Pour ne point retarder plus inutilement une reconnaissance que nos lecteurs ont probablement anticipée, nous leur dirons le nom des trois bannis : MM. de Valbenne et de Montelar venaient d’arriver chez le ci-devant marquis de Genilhac.

On se doutera facilement qu’ils y furent bien accueillis. Un grand feu brilla dans la cheminée, une volaille appétissante, et qui avait encore plus d’un jour à vivre, fut sacrifiée sur l’autel de l’amitié. La cave de l’arpenteur n’était pas à beaucoup près aussi bien fournie que celle de l’ancien Palais-Royal (devenu Palais — Égalité) ; mais il y sut trouver encore une ou deux bouteilles de vin du Rhin, qui, vu les circonstances, furent amplement et joyeusement fêtées. Bref, quatre ou cinq heures après leur arrivée dans cette maison bénie, les deux soldats de Monsieur le Prince, à peu près remis de leurs fatigues, et remontant avec méthode le cours des ans, racontèrent à leur hôte les incidents périlleux de leurs dernières campagnes.
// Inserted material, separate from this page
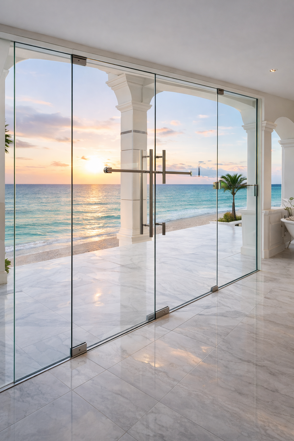 Bright, coastal glasswork with seamless hardware and crystal-clear reflections.

Les misères, les souffrances, les déceptions de toutes sortes, rien ne fut oublié ; mais dans chacun de leurs récits, et surtout vers la fin, ils laissèrent percer une sorte d’amertume contre ceux des nobles français qui n’étaient point venus se ranger sous les drapeaux de l’émigration. À les entendre, il y avait dans une pareille conduite toutes les conditions d’une complète dérogeance, et Genilhac put prendre à son compte une partie de leurs réflexions plus ou moins malveillantes.